I’m working on a tool for ATD, I want to read the ‘version’ field of a given JSON document and depending on the version use the right read_ parser from ATD. To do this, I have parameters of type Yojson.lexer_state and Lexing.lexbuf as input. If use these lexer_state and lexbuf just to read the version of the JSON file or to parse it, it works, but if I do both, it fails, I guess because they get to an invalid state.
For Yojson.lexer_state I can just create a fresh one with Yojson.init_lexer but what about Lexing.lexbuf? Is there a way to reuse it on the same file/channel? Should I duplicate it? How?
The easiest way is to simply to recreate the lexbuf. If it is based on a channel, you will need to either open a new channel for the new lexbuf or rewind the existing one.
Yeah, that’s what I thought, but I would like to keep the same signature as ATD read_ functions, so given a Yojson.lexer_state and a Lexing.lexbuf how do I recreate a new lexbuf?

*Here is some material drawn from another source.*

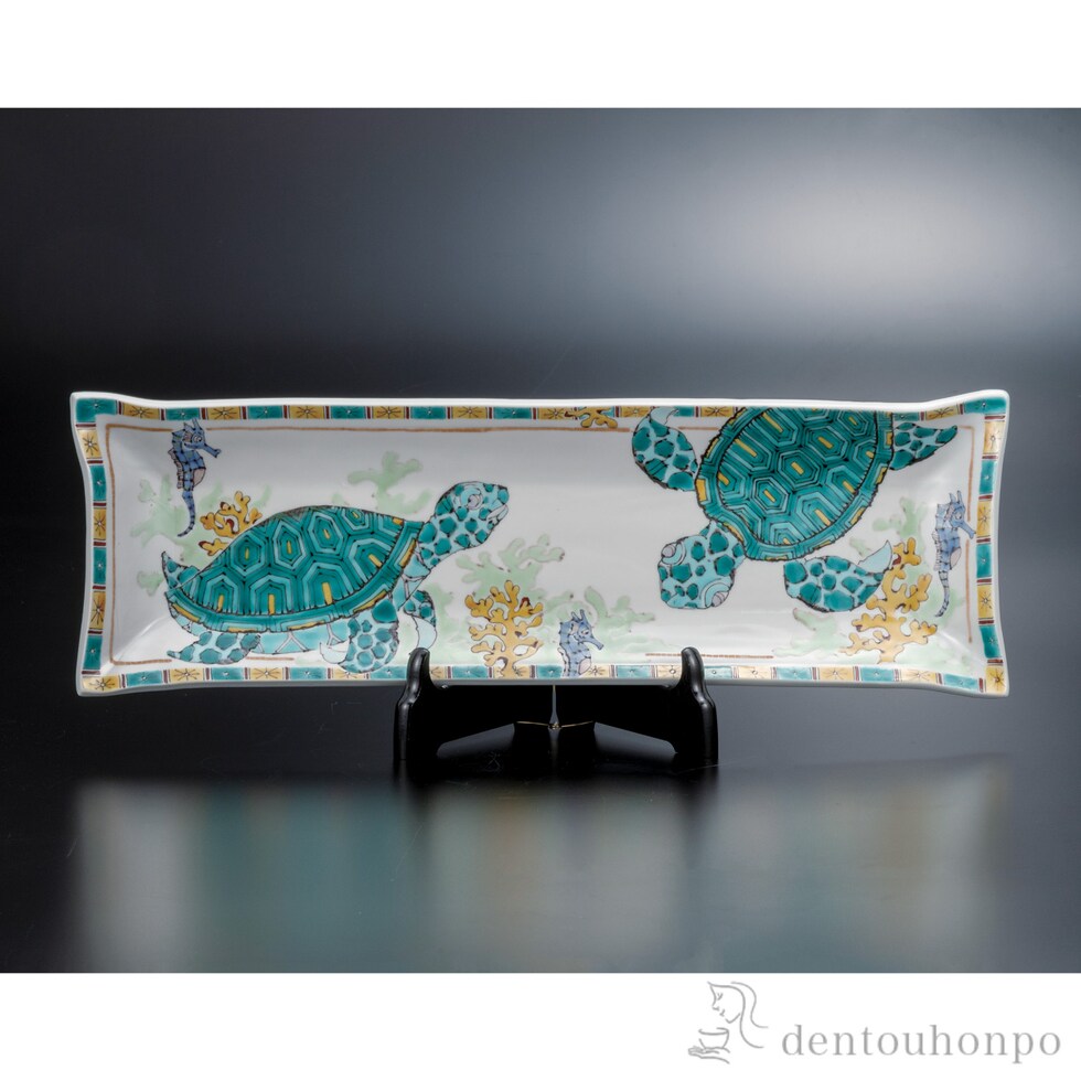飾皿 海亀の図 15号 皿立付 ( 置物 飾皿 スタンド 絵皿 贈り物 九谷焼 結婚 出産 内祝い 引き出物 金婚式 誕生日プレゼント 還暦祝い 古希 喜寿 米寿 退職 )

If it’s from a file, I guess I can get it from fname in Yojson.lexer_state but otherwise, how can I know from which channel it was open?
How can I rewind an existing lexbuf?
If you’re willing to do a little surgery, I’ll bet you can
(1) force-read enough into the buffer, to ensure that the first round of reading will not incur a file-read: say, a couple of kilobytes grin
(2) deep-copy enough of the lexbuf and state that you can reuse the copy.

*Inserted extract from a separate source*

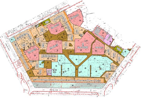 В проекте межевания 3б микрорайона представлены границы участков придомовых и общих территорий 3б микрорайона — от Яблоневой аллеи до «Флейты».Территория делится на 77 участков, на которых расположены 53 здания, в том числе 21 жилой дом, остальное — школы, детские сады, социальные и коммунальные учреждения. 9,5 гектара земли выделяются под строительство — это восемь жилых домов на месте снесенных «хрущёвок» возле корпуса 360 («Флейты»), два здания общественно делового назначения — между корпусами 337 и 338а и напротив корпуса 350, одно неопределённого (просто «нежилое здание») и подземные гаражи под склоном между «Флейтой» и Савёлкинским проездом — под них выделено 2,5 гектара.

That is to say, do the cloning before using either clone.
val read_foo :
Yojson.Safe.lexer_state -> Lexing.lexbuf -> foo
This is rather low-level. Both lexer_state and lexbuf are mutable, and there are no documented guarantees on what’s valid besides starting from a fresh lexer_state and a fresh lexbuf.

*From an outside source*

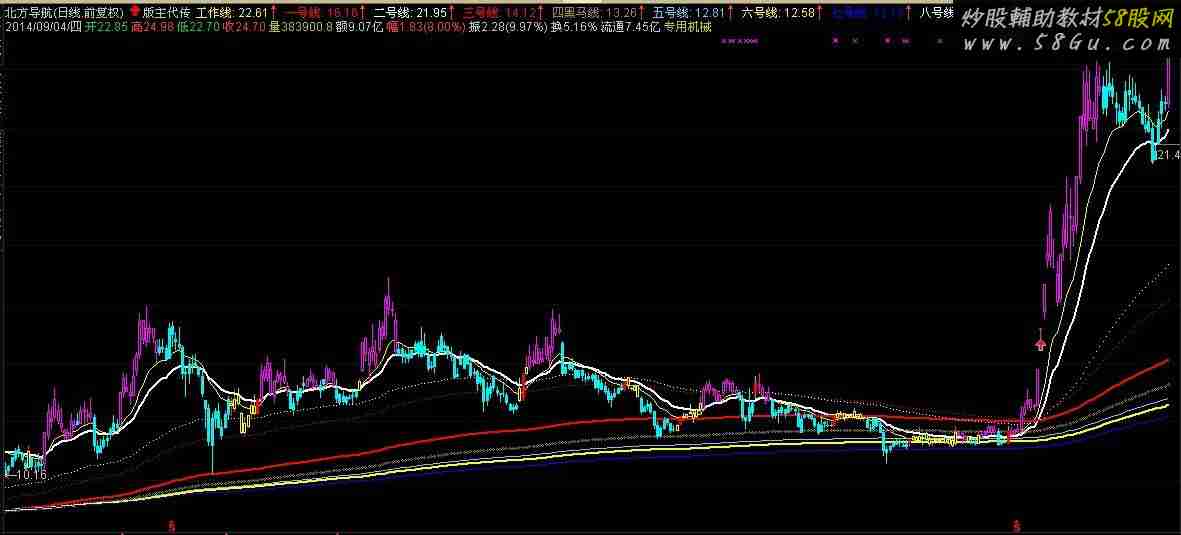工作线:EMA(C,14),COLOR00FFFF,LINETHICK1; 一号线:EMA(CLOSE,144),POINTDOT,LINETHICK2,COLOR0000FF; 二号线:EMA(C,25),COLORWHITE,LINETHICK2; 三号线:EMA(C,318),COLOR0000FF,LINETHICK2; 四黑马线:EMA(C,453),CIRCLEDOT,LINETHICK1,COLOR428899; 五号线:EMA(C,550),COLORFFCC66; 六号线:EMA(C,610),LINETHICK2,COLORYELLOW; 七号线:EMA(C,730),COLORBLUE; 八号线:EMA(C,99),POINTDOT,LINETHICK2,COLORWHITE; DIFF:=( EMA(CLOSE,7) - EMA(CLOSE,19)),COLORWHITE; DEA:=EMA(DIFF,9),COLORF00FF0 ; MACD:=0.90*(DIFF-DEA), COLORSTICK; TJ:=(DIFF>=DEA); TJ1:=(DIFF>=0); {STICKLINE(TJ,H,L,0,0),COLORYELLOW;} STICKLINE(TJ,O,C,3,1),COLORYELLOW; STICKLINE(TJ1 AND TJ,H,L,0,0),COLORF00FF0; STICKLINE(TJ1 AND TJ,O,C,3,1),COLORF00FF0; STICKLINE(DIFF=0.03) OR (CROSS(SK,SD) AND SK<=-0.14 ) OR (CROSS(SK,SD) AND SK<=0.05 AND (V/MA(V,5)>2 OR C/REF(C,1)>0.035)) ,L*0.99,'短线'),COLORRED;} {STICKLINE((CROSS(SK,SD) AND SK<-0.04 AND (C-REF(C,1))/REF(C,1)>=0.03) OR (CROSS(SK,SD) AND SK<=-0.14 ) OR (CROSS(SK,SD) AND SK<=0.05 AND (V/MA(V,5)>2 OR C/REF(C,1)>0.035)),H,L,0,0),COLORRED;} STICKLINE((CROSS(SK,SD) AND SK<-0.04 AND (C-REF(C,1))/REF(C,1)>=0.03) OR (CROSS(SK,SD) AND SK<=-0.14 ) OR (CROSS(SK,SD) AND SK<=0.05 AND (V/MA(V,5)>2 OR C/REF(C,1)>0.035)),O,C,3,0),COLORRED; SS:=CROSS(二号线,八号线) AND C>1.5 AND C>REF(C,1.5) AND C/REF(C,1.5)>=0.98 OR CROSS(二号线,三号线) AND C>1.5 AND C>REF(C,1.5) AND C/REF(C,1.5)>=0.98 OR CROSS(二号线,一号线) AND C>1.5 AND C>REF(C,1.5) AND C/REF(C,1.5)>=0.98 AND CROSS(二号线,三号线); DRAWICON(SS,L-0.04,1); DD:=CROSS(八号线,一号线) AND C>1.5 AND C>REF(C,1.5) AND C/REF(C,1.5)>=0.98 OR CROSS(八号线,四黑马线) AND C>1.5 AND C>REF(C,1.5) AND C/REF(C,1.5)>=0.98 OR CROSS(八号线,三号线) AND C>1.5 AND C>REF(C,1.5) AND C/REF(C,1.5)>=0.98 OR CROSS(八号线,三号线) AND C>1.5 AND C>REF(C,1.5) AND C/REF(C,1.5)>=0.98 AND CROSS(二号线,四黑马线); {DD:=CROSS(二号线,四黑马线);};

Like @nojb suggested, I think I would keep it simple and do a full re-read of the input file or string, and let the library initialize lexer_state and lexbuf. The file should be cached by the OS, so it’s probably not terribly expensive to re-open it. If the input is from stdin, then read it into a string and use that string as input.
Reading a foo from a string is done with foo_of_string data, and reading from a file is done with Atdgen_runtime.Util.Json.from_file read_foo path.
OK, so I’d rather recreate the read functions from Atdgen_runtime.Util.Json with functions that re-read the channel than trying at all cost to recreate a Lexing.lexbug?